Each line of the material below that holds the word "favourite" needs to be copied.
[[ Task input, beginning ]]
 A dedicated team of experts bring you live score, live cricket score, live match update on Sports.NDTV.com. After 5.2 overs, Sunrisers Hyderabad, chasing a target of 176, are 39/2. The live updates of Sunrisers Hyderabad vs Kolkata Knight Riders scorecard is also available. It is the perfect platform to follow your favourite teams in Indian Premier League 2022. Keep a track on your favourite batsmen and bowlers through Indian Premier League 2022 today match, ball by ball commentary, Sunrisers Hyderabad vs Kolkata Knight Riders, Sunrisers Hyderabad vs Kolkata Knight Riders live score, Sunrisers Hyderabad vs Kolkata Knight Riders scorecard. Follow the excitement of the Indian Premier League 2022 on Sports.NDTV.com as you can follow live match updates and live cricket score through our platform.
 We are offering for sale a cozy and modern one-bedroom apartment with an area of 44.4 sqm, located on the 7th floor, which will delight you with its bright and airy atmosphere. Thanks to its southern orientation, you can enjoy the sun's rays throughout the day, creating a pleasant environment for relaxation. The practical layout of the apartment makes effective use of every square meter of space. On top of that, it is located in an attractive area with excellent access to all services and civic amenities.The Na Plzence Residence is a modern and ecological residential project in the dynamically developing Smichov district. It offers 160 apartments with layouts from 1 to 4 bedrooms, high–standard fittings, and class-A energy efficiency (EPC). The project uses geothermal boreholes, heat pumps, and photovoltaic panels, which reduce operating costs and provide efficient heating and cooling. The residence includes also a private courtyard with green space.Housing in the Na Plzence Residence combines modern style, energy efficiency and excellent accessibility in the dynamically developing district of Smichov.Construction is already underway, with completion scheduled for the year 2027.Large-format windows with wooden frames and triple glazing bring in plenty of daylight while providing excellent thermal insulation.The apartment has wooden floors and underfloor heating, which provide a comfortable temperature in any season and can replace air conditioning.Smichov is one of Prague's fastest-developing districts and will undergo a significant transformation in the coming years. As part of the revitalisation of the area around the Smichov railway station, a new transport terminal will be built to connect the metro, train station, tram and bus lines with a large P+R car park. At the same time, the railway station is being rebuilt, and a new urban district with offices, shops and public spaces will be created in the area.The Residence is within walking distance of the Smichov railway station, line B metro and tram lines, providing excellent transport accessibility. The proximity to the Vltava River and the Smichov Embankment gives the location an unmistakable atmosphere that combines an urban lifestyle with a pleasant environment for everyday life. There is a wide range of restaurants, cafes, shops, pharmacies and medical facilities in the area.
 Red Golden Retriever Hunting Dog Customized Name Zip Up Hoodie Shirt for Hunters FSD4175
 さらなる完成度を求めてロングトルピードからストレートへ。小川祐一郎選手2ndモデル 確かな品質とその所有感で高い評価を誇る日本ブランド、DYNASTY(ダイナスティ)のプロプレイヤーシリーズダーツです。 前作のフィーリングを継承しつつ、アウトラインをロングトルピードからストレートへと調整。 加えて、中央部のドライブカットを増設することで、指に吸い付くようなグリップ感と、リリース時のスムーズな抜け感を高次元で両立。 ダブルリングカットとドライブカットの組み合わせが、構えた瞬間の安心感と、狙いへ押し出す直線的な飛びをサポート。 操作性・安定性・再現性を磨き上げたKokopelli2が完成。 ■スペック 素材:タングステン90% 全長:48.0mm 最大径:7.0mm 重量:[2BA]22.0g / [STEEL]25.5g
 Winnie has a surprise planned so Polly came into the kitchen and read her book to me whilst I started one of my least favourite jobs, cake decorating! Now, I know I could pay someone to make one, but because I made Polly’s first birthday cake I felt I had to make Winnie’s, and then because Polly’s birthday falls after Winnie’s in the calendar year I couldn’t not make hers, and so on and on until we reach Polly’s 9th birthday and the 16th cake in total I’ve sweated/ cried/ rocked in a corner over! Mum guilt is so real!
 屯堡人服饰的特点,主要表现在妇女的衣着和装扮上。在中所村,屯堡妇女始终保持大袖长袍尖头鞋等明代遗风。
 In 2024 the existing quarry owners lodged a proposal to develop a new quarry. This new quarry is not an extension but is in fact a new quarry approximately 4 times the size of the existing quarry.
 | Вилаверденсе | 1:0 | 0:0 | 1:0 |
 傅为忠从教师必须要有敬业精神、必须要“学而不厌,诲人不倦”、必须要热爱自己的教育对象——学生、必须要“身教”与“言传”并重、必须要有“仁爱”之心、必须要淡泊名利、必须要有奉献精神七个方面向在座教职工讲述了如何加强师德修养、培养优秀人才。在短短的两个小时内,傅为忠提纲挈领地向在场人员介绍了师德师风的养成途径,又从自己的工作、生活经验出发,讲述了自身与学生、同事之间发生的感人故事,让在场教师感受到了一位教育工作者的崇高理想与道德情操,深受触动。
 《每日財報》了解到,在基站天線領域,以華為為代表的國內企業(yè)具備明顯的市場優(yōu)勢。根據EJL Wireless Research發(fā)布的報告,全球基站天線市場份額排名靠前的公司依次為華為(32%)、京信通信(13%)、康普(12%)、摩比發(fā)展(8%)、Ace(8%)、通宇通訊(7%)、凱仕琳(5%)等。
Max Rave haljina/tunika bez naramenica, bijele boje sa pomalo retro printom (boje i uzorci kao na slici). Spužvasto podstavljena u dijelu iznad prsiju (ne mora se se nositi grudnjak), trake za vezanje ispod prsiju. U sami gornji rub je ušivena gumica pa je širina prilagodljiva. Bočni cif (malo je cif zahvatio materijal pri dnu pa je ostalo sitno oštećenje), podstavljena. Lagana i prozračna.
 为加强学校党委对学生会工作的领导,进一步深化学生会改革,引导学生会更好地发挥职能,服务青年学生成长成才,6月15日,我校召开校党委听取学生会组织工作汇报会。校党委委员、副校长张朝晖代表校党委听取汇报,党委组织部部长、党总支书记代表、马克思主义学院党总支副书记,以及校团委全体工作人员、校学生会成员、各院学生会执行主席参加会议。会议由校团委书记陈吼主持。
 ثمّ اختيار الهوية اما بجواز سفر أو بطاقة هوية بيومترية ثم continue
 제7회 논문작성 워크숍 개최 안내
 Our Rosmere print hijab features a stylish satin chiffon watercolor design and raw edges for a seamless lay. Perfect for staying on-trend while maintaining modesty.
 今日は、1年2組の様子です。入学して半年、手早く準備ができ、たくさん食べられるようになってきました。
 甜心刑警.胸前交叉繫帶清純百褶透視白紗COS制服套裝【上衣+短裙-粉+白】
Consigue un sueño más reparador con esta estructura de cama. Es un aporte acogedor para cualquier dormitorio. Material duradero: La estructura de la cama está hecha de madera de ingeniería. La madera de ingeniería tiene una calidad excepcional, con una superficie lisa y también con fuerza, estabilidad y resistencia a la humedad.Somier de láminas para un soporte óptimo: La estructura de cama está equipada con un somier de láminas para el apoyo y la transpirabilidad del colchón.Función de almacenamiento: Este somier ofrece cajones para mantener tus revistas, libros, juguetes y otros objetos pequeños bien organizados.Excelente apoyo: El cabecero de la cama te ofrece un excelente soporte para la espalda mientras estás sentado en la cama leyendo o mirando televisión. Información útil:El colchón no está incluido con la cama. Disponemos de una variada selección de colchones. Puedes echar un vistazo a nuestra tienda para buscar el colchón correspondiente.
[[ Task input, end ]]
• **Response to the task**:
 A dedicated team of experts bring you live score, live cricket score, live match update on Sports.NDTV.com. After 5.2 overs, Sunrisers Hyderabad, chasing a target of 176, are 39/2. The live updates of Sunrisers Hyderabad vs Kolkata Knight Riders scorecard is also available. It is the perfect platform to follow your favourite teams in Indian Premier League 2022. Keep a track on your favourite batsmen and bowlers through Indian Premier League 2022 today match, ball by ball commentary, Sunrisers Hyderabad vs Kolkata Knight Riders, Sunrisers Hyderabad vs Kolkata Knight Riders live score, Sunrisers Hyderabad vs Kolkata Knight Riders scorecard. Follow the excitement of the Indian Premier League 2022 on Sports.NDTV.com as you can follow live match updates and live cricket score through our platform.
 Winnie has a surprise planned so Polly came into the kitchen and read her book to me whilst I started one of my least favourite jobs, cake decorating! Now, I know I could pay someone to make one, but because I made Polly’s first birthday cake I felt I had to make Winnie’s, and then because Polly’s birthday falls after Winnie’s in the calendar year I couldn’t not make hers, and so on and on until we reach Polly’s 9th birthday and the 16th cake in total I’ve sweated/ cried/ rocked in a corner over! Mum guilt is so real!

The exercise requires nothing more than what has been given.